January 07, 2011
Milk and Nuts: A Cautionary Tale
Creative Director Chris shared an experience with Twitter that shows the value of monitoring your brand, and the cautions of uncensored opinions, online. We originally posted this on our company blog, but it's such a great example that I had to share it here as well. Enjoy!
I like Twitter. I like the random comments, opinions, links and rants.
I like that I feel I know interesting people who I’ve never met in the flesh nor probably ever will.
But it’s a dangerous place. It lulls you into a false sense of (social) security.
It presumes anonymity but in reality it’s fairly easy to identify someone in the ‘real’ world.
And because it’s full of people venting spleen about all kinds of topics, it encourages you to join in.
At least it did me.
I tweet on two occasions – when I’m bored and when I’m drunk.
Three if you count when I’m bored AND drunk.
So fuelled with Shiraz and following an hour and a half of X Factor, it was a perfect storm when the latest Cravendale milk ad came on in the ad break.
Now to be clear, I don’t much like the ads. They strike me as an idea applied to the product rather than one extracted from the product.
But they’re not the worst ads on TV by a long chalk and, in terms of my existence, don’t really make much difference.
However I took this particular airing as a chance to tweet (and I paraphrase) ‘Would love to meet the creative team behind the Cravendale ads. I would kick them in the knackers from now till Doomsday.’
And once the thought went out into the Twittersphere I thought no more about it.
However, the following morning there was a reply.
It was from Wieden & Kennedy, the agency behind the Cravendale advertising (actually from their MD Neil Christie) and arguably the most creative ad agency in the world today.
Neil helpfully told me whose knackers I should direct myself to and copied him in on my tweet (Chris Groom @groomster).

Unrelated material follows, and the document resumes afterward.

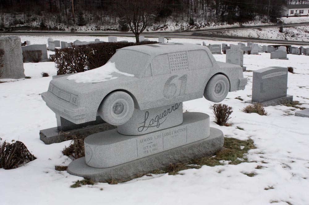 Just outside the township of Barre lies the very unique 65-acre Hope Cemetery. First used as a burial ground in the late 1800’s, it’s famous for its 10,000+ tombstones being carved entirely out of Vermont granite, many of which are the works of post-revolutionary Italian migrants. We crawled slowly along the necropolis laneways marvelling at the efforts surviving family members went to in order to memorialise their deceased loved ones, with designs ranging from a soccer ball to an airplane to a racecar.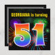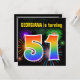 Dieses lustige, lebendige Geburtstagsfeierdesign besticht durch ein farbenprächtiges, stürmisches, feierliches Feuerwerk, das inspirierte Muster, zusammen mit der Zahl "51", die ein buntes Regenbogenmuster wie Spektrum oder Farbverlauf aufweist. Der Name auf der Vorderseite kann personalisiert sein. Auf der Rückseite finden Sie personalisierte Details zum Party. Geburtstagsfeierlichkeiten wie diese werden vielleicht geschickt, um Gäste zu einer Geburtstagsparty einzuladen, die zum Feiern des 50. Geburtstages von jemandem veranstaltet wird. [~Z0000337]

Now I’m 6’5” and 18 stone, so potential physical repercussions weren’t particularly the issue. I was incredibly ashamed to have been caught having a go at a fellow creative – particularly as I know how hard this game is without having colleagues turning on each other.
And as I’ve lectured on IPA events about how important creativity is and how to achieve great ideas we have to be prepared to fail with some but stick together.
So I immediately sent an apology.
Chris replied saying that he understood and that he didn’t take it personally.
But it still ate away at me – mainly for the fact I’d been an idiot and insulted someone I don’t even know, poor bloke.
So a couple of days later, as retribution for threatening his genitalia, I sent Chris a parcel with some plums, nuts and cheese balls. All potential substitutes in a Viz-style way.
He received it graciously.
This event has caused me to reconsider my relationship with Twitter. And to be considerably more circumspect before spouting my vitriol.
As I footnote, I confessed this to my wife who told me that she really liked the Cravendale ads.
So the David Ogilvy-ism was right ‘The consumer is not a moron, she is your wife.’
Except that my wife married me, so in this case the jury’s still out.